The administration would have one year after passage to promulgate regulations on what products have to pay a carbon border tax adjustment, as well as how to calculate the rate, how the determinations can be appealed, the entry process for those goods, and on what procedures could "prevent circumvention of the carbon tax liability for covered goods that are manufactured or processed in more than one foreign country."
The sectors covered would have to have a trade intensity of at least 15%, calculated by adding the value of imports and exports divided by the value of domestic production plus imports.
The revenues from both the domestic carbon tax and the tariffs would offset the elimination of the aviation fuel tax and gas tax, and would underwrite more infrastructure building.
In a press release announcing the reintroduction of the bill, Fitzpatrick said climate change and inadequate infrastructure need a long-term solution.
Former Republican Rep. Francis Rooney of Florida said, "I applaud Congressman Fitzpatrick for his continued leadership of the MARKET CHOICE Act. It is time for Congress to stop approaching climate issues with makeshift policies like subsidies and further enlarging the regulatory morass. The existing balkanized system favors special interests with distorted markets and protectionist policies that stifle innovation and consumer choice. A border-adjusted carbon tax, like Congressman Fitzpatrick's bill, is the type of market-based approach to climate policy that can achieve our decarbonization goals and maintain our economic edge."

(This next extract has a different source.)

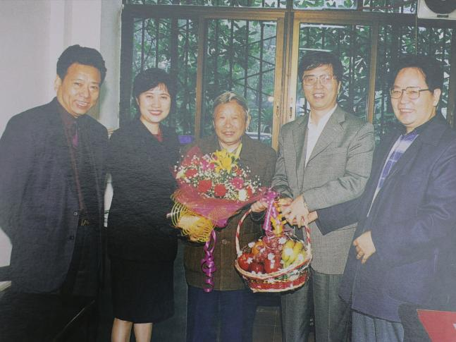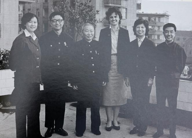 1983年4月9日,王镛(左二)、雷勃(左三)与美国《华尔街日报》驻伦敦记者克郎霍尔兹合影

Ben Pendergrass, vice president of government affairs at Citizens’ Climate Lobby, said the group "welcomes" the reintroduction of the bill. "A steadily rising fee on carbon pollution continues to be one of the most effective policies available to reduce carbon emissions,” Pendergrass said. “The MARKET CHOICE Act utilizes this critical tool to build a cleaner, healthier America. We’re encouraged to see that the starting price and rate of increase specified in the bill continue to be more ambitious than in original iterations of the legislation -- that is an appropriate response to the increasing climate impacts Americans face.”